Business to business marketplaces have become the hottest topic in e-business, driving a future surge in revenues that could reach around $200 trillion within 10 years.
In industries across the board, many believe half of their business procurement could be made online by 2004.
But, despite a blur of announcements, many still face a reality check. In some industries, key players are competing to get their operations up and running, others are still deciding whether or not they want to take part, and some have been sweating on not breaching antitrust rules.
In this special marketplaces section, Mark Vernon cuts through the hype and confusion around exchanges, defining the different types of exchange, and the issues they face. Nina Kruger explains why German car giant BMW chose not to join Covisint, the auto marketplace. David Bicknell looks at two new marketplaces in the shipbuilding and energy sectors, and finally, two key players in the chemical and paper industries, Chematch.com and PaperX.com discuss driving liquidity through a site, and tailoring a business model to match suppliers' requirements.

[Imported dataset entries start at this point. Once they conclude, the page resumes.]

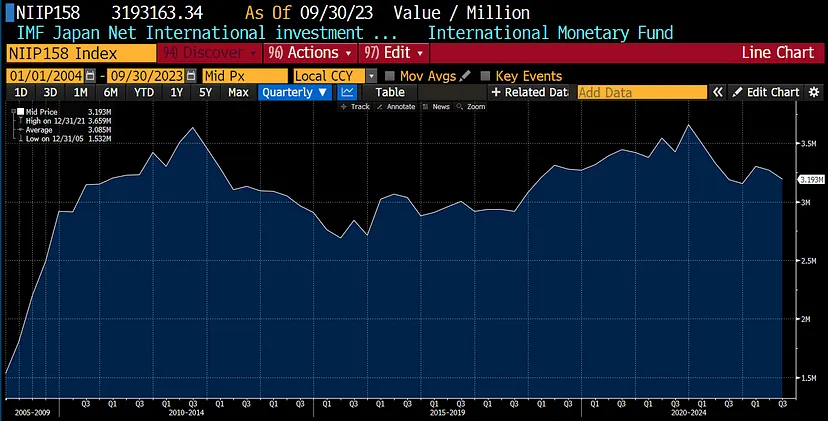 这是国际货币基金组织(IMF)的数据,估计日本的净国际投资头寸为正 3.3 万亿美元。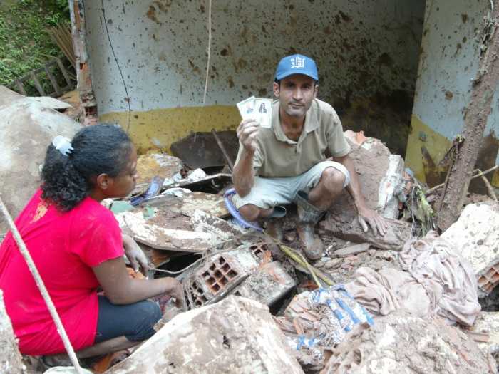 Morador do Morro do Macuco acha documento de identidade em meio aos escombros. Número de casas interditadas após deslizamento de terra ainda não foi divulgado pela Prefeitura de Mauá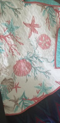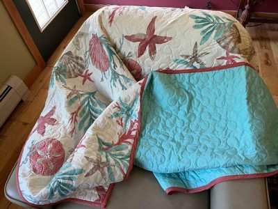 This Madison Park quilted throw creates a casual coastal look. The throw features starfish and coral motifs accentuated with coral and aqua colors and reverses to an aqua blue. It's oversized and overfilled for added comfort and style. Simply turn it over when you need a refresh, and drape it across your couch or chair for a pop of vibrancy.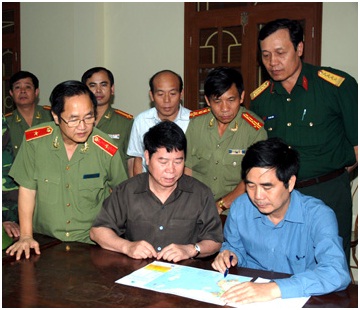 Bộ trưởng Cao Đức Phát chỉ đạo phương án chống bão số 8 tại Kim Sơn (Ninh Bình). Ảnh: Đức Lam |

B2B marketplaces are already big in e-business, but they are set to become massive. Of all the initiatives seeking to exploit network economics, these exchanges are the frontrunners when it comes to revolutionising the way businesses deal with each other.

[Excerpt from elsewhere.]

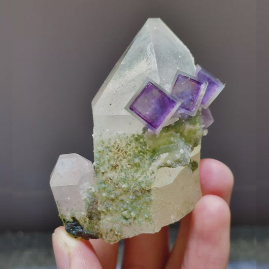 Natural Purple Cubic Fluorite and Quartz Tower Symbiosis comes from Yaogangxian,Hunan 45*35*65MM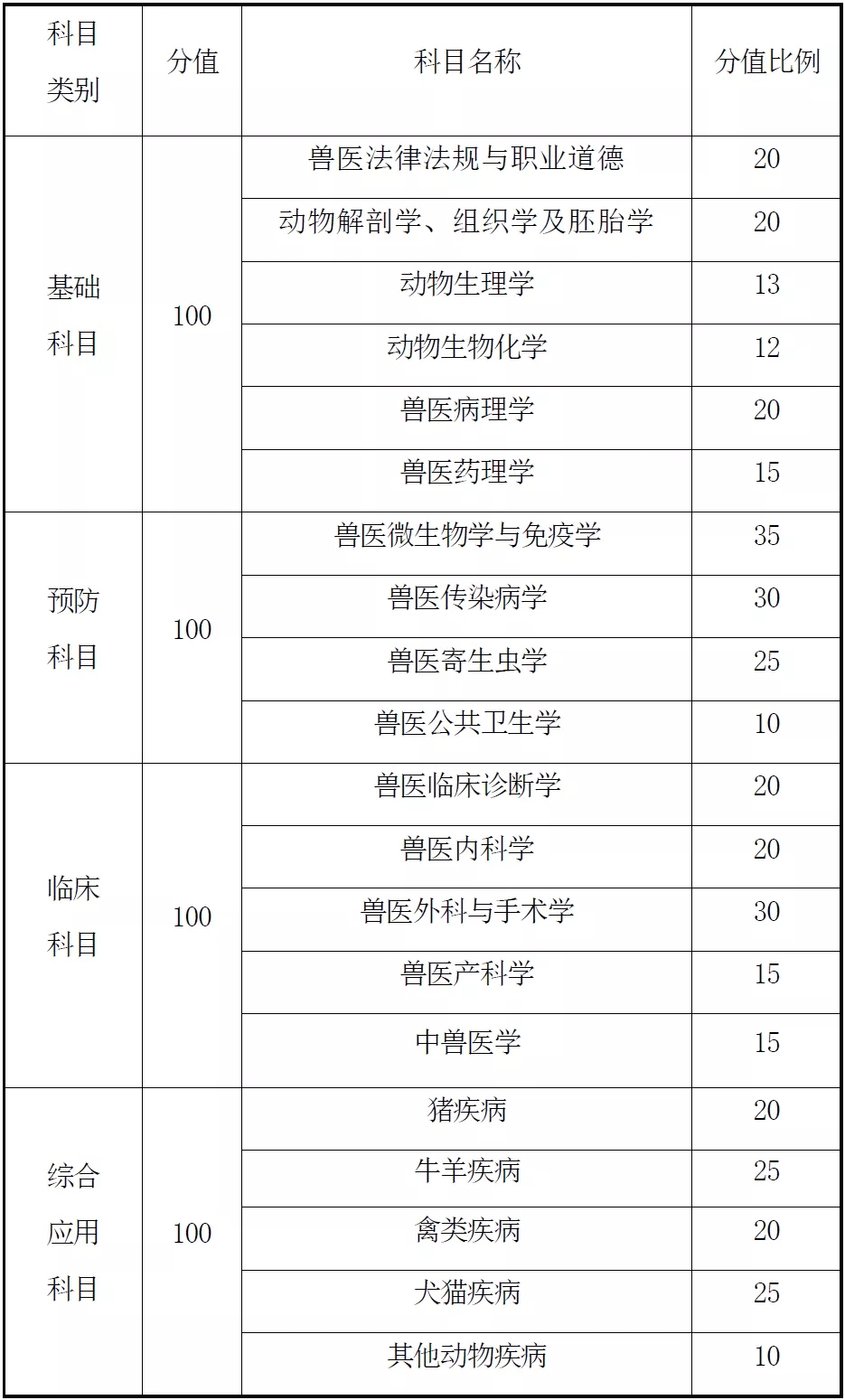 全国执业兽医资格考试(兽医全科类)考试主要考察执业兽医应该掌握的基本理论、基本技术和基本操作能力。基础科目主要考察应试者必须掌握的与临床实践相关的基本理论知识;预防科目主要考察常发和多发的动物疫病与人畜共患病的知识与技能;临床科目主要考察临床常见和多发普通病的诊断和治疗技能;综合应用科目主要考察应试者对一些常发重大疾病的处置、防控与治疗的综合能力。全国执业兽医资格考试(兽医全科类)每个科目100道题,每科100分,总分400分。考试范围请参考全国执业兽医资格考试委员会审定颁布的《全国执业兽医资格考试大纲(兽医全科类)(2020版)》。

PricewaterhouseCoopers, for one, estimates that the sector will be worth $200 trillion in worldwide capital market value within 10 years.

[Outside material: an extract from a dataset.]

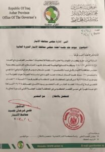 وذكرت وثيقة صادرة من مكتب المحافظ، اليوم الأحد، وردت لمنصة “إيشان”، أن “الدليمي وجه إدارة مجلس محافظة الأنبار، بتبليغ أعضاء المجلس (الفائزين الجدد)، بموعد الجلسة الاولى لمجلس المحافظة بدورته الحالية، والمقرر انعقادها في تمام الساعة الواحدة من ظهر يوم غدٍ الاثنين الموافق الخامس من شهر شباط عام 2024، وذلك في القصر الحكومي بمدينة بالرمادي”.

"Marketplaces will take the lead position [in B2B e-business models] as a number of them manage to establish themselves as de facto marketplaces in specific industries," says Mikael Arnbjerg, program manager of IDC's European Internet and e-commerce strategies service.
But with transformation comes confusion. Dynamic pricing, many-to-many business models and new business models altogether, such as reverse aggregation, may sound wonderful on paper, but can be bewildering in practice. Further, when a growth market presents a large cake, everyone rushes in to claim a piece. For example, Zona Research's B2B Marketplaces 2000 database lists nearly 850 at the time of writing. The dangers are both that the technology and processes underpinning the services are fragmented, and that consolidation of the market as a whole will inevitably follow. These are substantial sources of risk for all concerned. It is a land grab. But not all will find gold.
B2B marketplaces have arisen because the Internet has created unparalleled opportunities for companies to create markets that deliver products more effectively, whilst offering increased efficiencies in the supply chain, and richer ways of responding to customers.
"Traditional business models are becoming obsolete. Business leaders must fully understand and embrace the new B2B realities or face severe consequences in the future," says Alan Hammill, European strategic change leader at PricewaterhouseCoopers Management Consulting Services. "The next year will mark extraordinary change as the financial markets continue to reward companies that re-focus away from the management of production and large internal capital bases and use new technology to re-organise themselves by integrating new players and forging new partnerships."
So what do these marketplaces look like today? A typical example is t-dental.com, recently launched for dentists, built by Round, a CRM service provider, and Asera (www.t-dental.com). It aims simply to bring together dentists' practices, dental hospitals and dental suppliers for the exchange of everything from drills to fluoride, as well as industry news and research. The marketplace was built in seven weeks, proving that organisations can realise quick wins once they have tested the water.
At t-dental.com users can search from a catalogue of over 5,000 product lines, delivered as a managed service on a pay-as-you-use basis. T-dental.com's main revenue streams come from the sale of these supplies, subscriptions to publications, being a reseller for a variety of services such as accountancy, legal, and credit services, and from advertising on the site.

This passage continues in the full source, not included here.